Cluster-wide (any shard answers)

Endpoint Why Handler
GET /api/executions (list) cluster-wide query (aggregates across all shards in Phase F via a fan-out wrapper, or use cluster-wide read-only view via Citus) handlers/executions.rs::list
GET/POST /api/catalog/* global catalog handlers/catalog.rs
POST/GET /api/credentials/* global credential store handlers/credentials.rs
POST/GET /api/keychain/{catalog_id}/* keyed by catalog_id handlers/keychain.rs
POST /api/worker/pool/{register,deregister,heartbeat} worker pools are global handlers/runtime.rs
GET /api/worker/pools cluster-wide read handlers/runtime.rs::list_pools
GET /api/internal/outbox/pending-count cluster-wide count (KEDA scaler trigger) handlers/internal.rs::outbox_pending_count
GET /metrics per-replica prometheus surface handlers/metrics.rs
GET /healthz, GET /readyz per-replica health probes (route definition)

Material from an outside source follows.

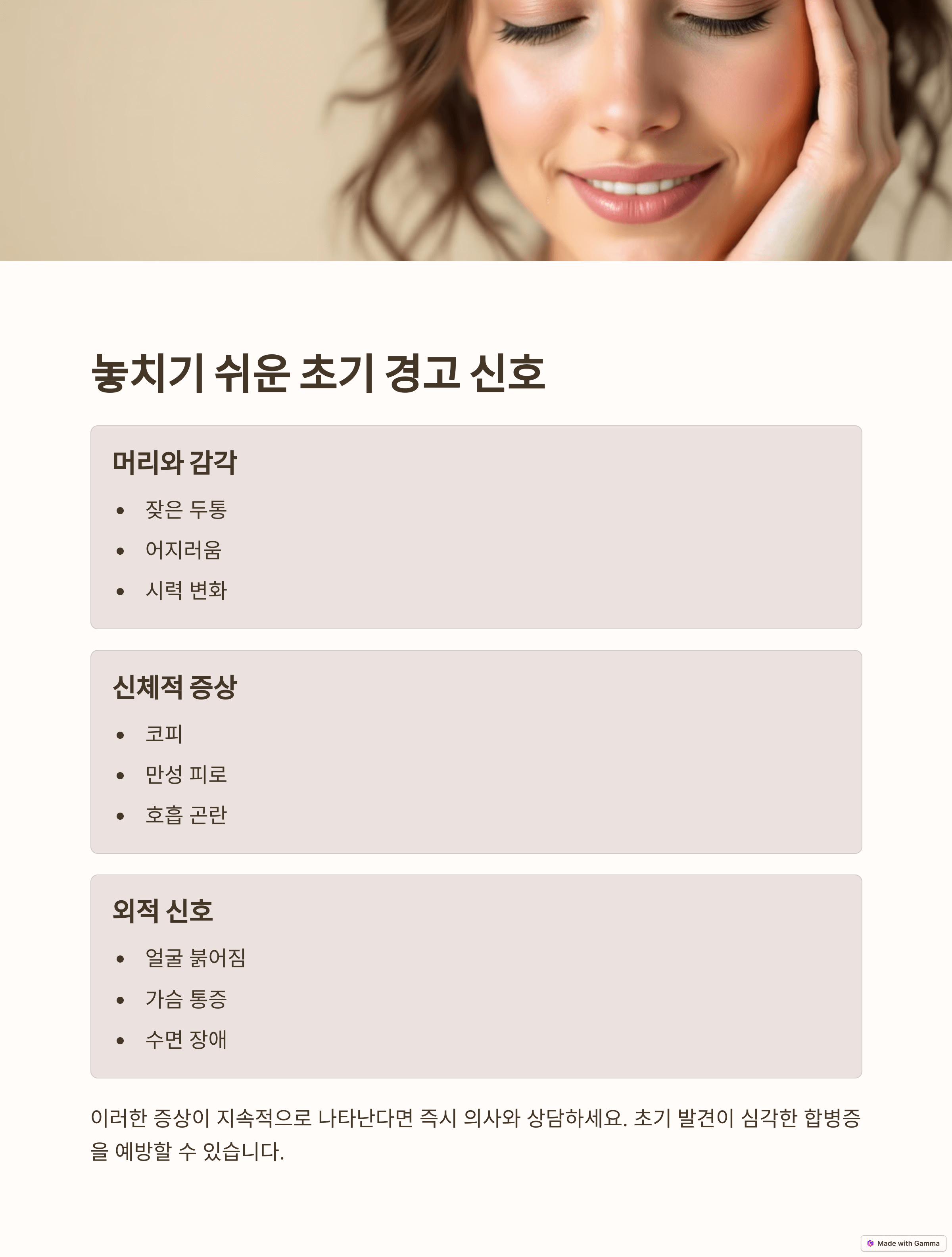 고혈압은 초기 증상이 뚜렷하지 않아 '침묵의 살인자'라고 불립니다. 방치할 경우 심혈관 질환, 뇌졸중 등 심각한 합병증을 유발할 수 있으므로, 평소 건강 상태에 관심을 갖고 정기적인 혈압 측정과 함께 자가 진단을 통해 고혈압 초기 증상을 알아채는 것이 중요합니다. 이 글에서는 고혈압 초기 증상 6가지 자가 진단법과 예방 및 관리 가이드를 제공합니다.

GET /api/executions (list) is the awkward case: clients expect a single global view of all executions, but each shard only knows its own slice. R4 decision: aggregate via Citus's cross-shard query (if Citus is picked) or via a small in-server fan-out helper that queries all shard replicas in parallel and merges the result. Either is bounded in cost because the list is paginated.

Load-bearing prerequisite: app-side snowflake IDs

Per observability.md Principle 3, execution_id is generated in the application using a Rust snowflake library, not by the DB.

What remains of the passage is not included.